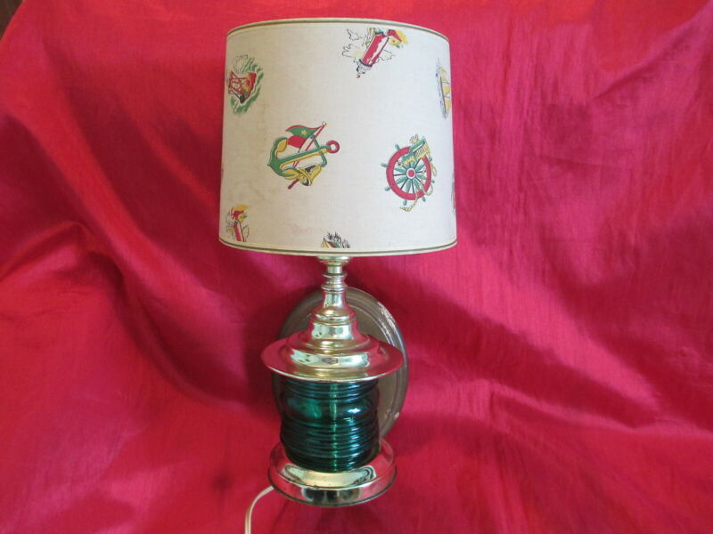 VINTAGE NAUTICAL WALL LAMP IN NICE WORKING CONDITION SHIP GREEN GLOBE
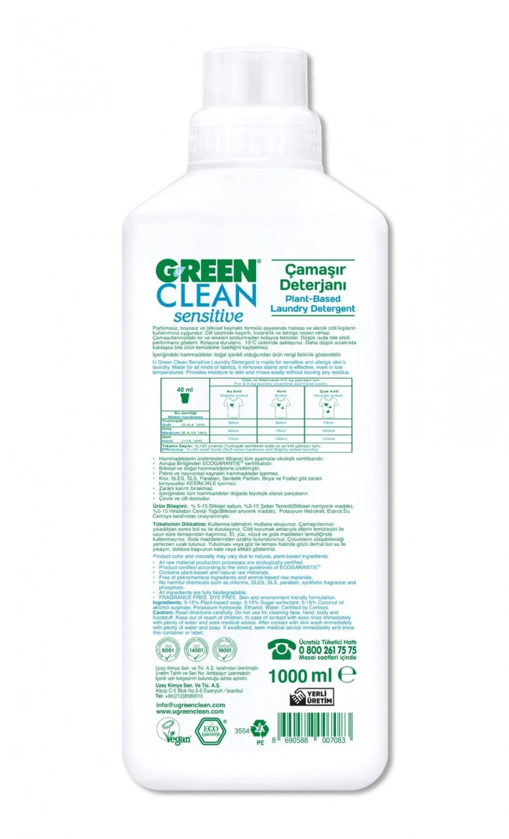 U Green Clean Sensitive Bitkisel Çamaşır Deterjanı, özellikle hassas ve allerjik ciltli kişilerin çamaşırlarındaki kir ve lekeleri soldurmadan kolayca temizler.
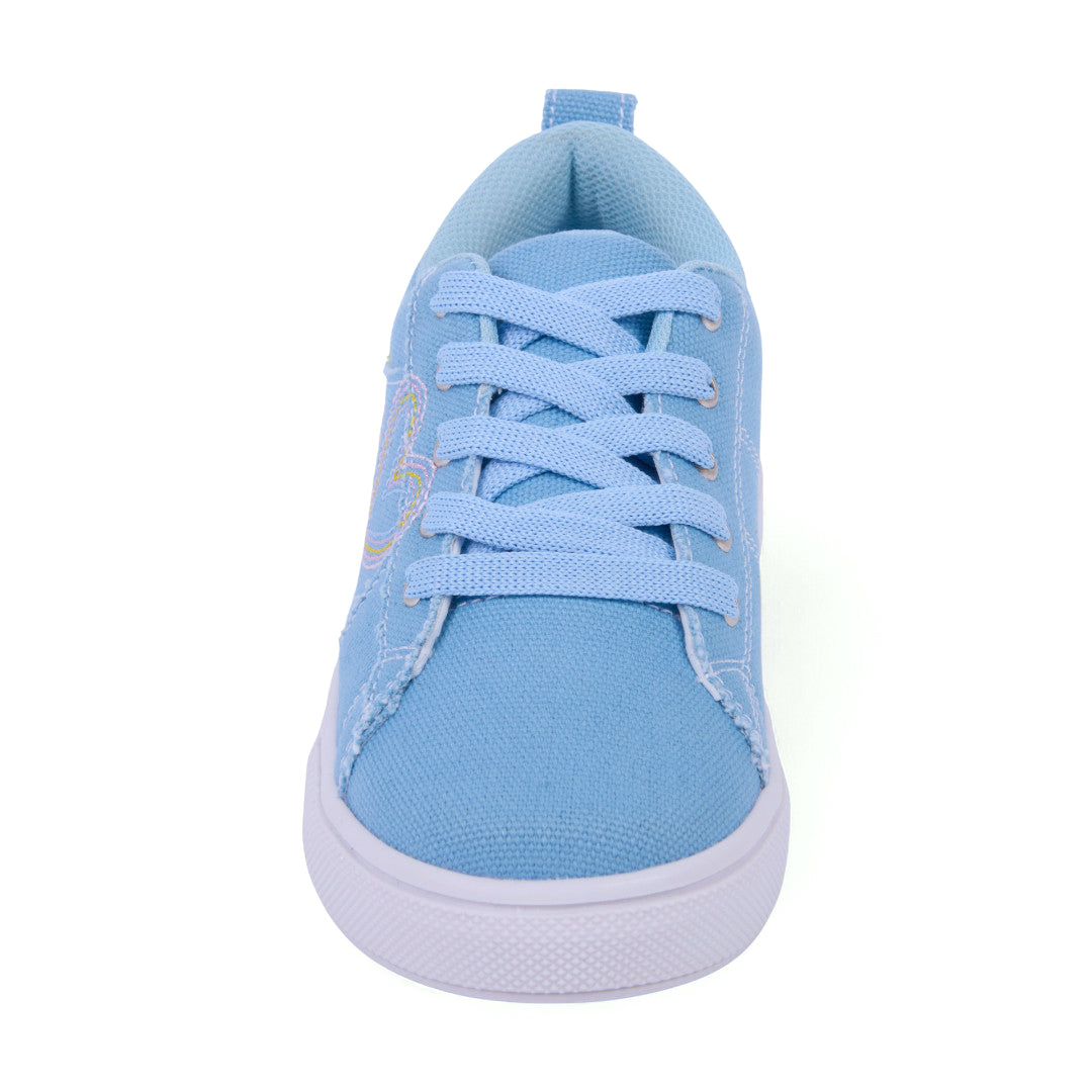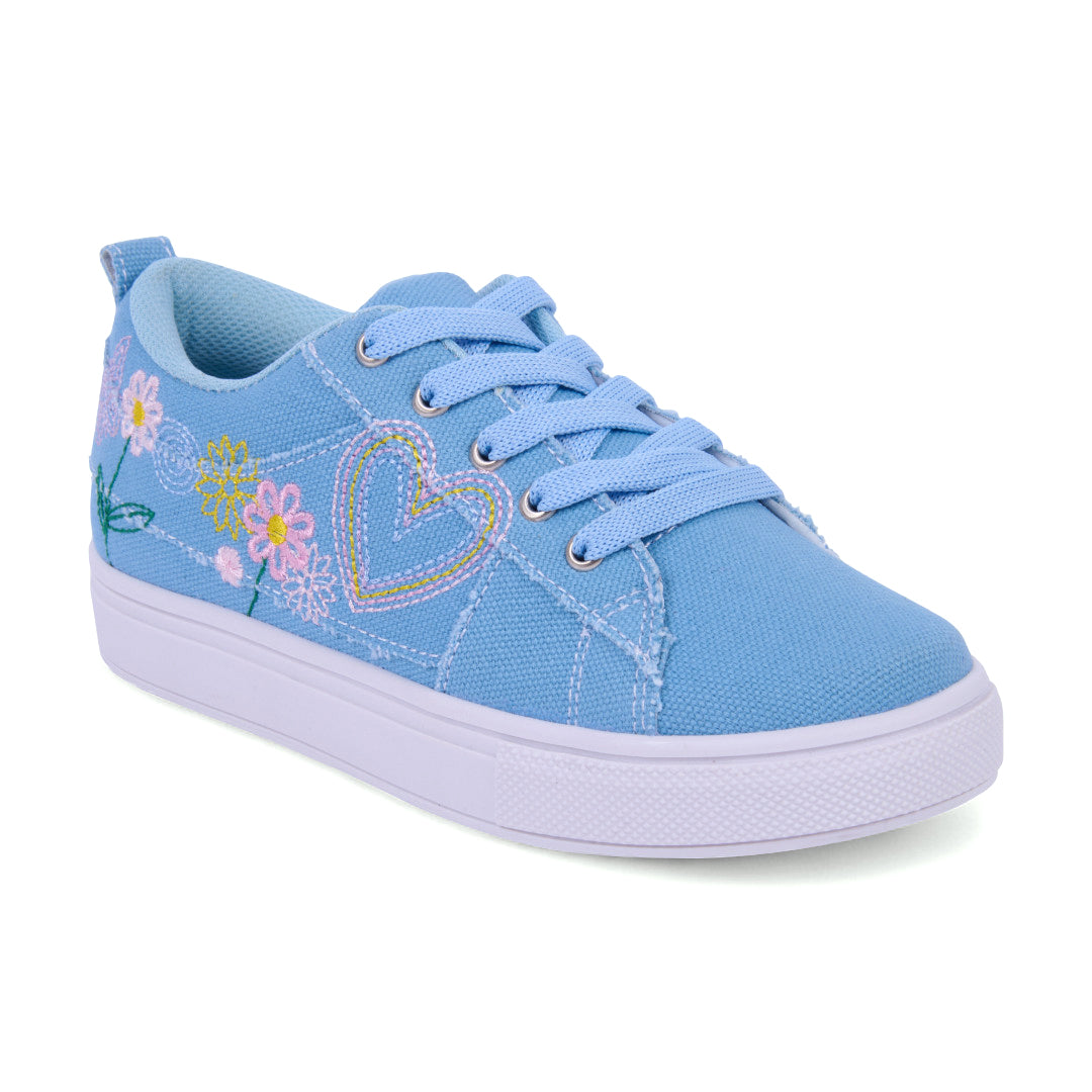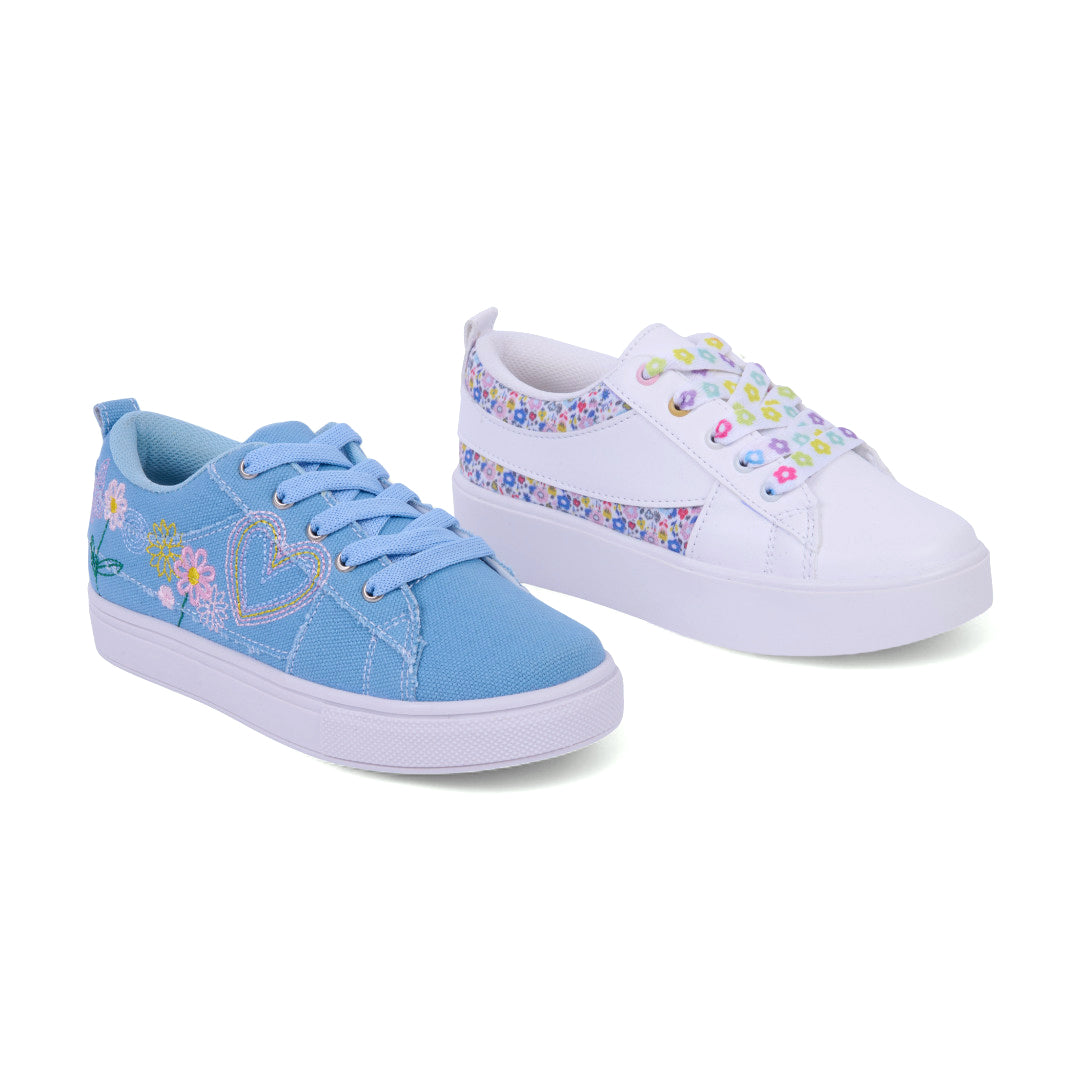 Dúo de tenis casuales en tonos azul y blanco: modelo azul con bordados florales y modelo blanco con estampado lateral y cintas decorativas. Plantilla textil ligera y materiales sintéticos y textiles combinados.
◇ ◇ ◇ ◇
Exercise details :: For this step, transcribe all the material above exactly and drop the images.

Answer space ::
 VINTAGE NAUTICAL WALL LAMP IN NICE WORKING CONDITION SHIP GREEN GLOBE
 U Green Clean Sensitive Bitkisel Çamaşır Deterjanı, özellikle hassas ve allerjik ciltli kişilerin çamaşırlarındaki kir ve lekeleri soldurmadan kolayca temizler.
 Dúo de tenis casuales en tonos azul y blanco: modelo azul con bordados florales y modelo blanco con estampado lateral y cintas decorativas. Plantilla textil ligera y materiales sintéticos y textiles combinados.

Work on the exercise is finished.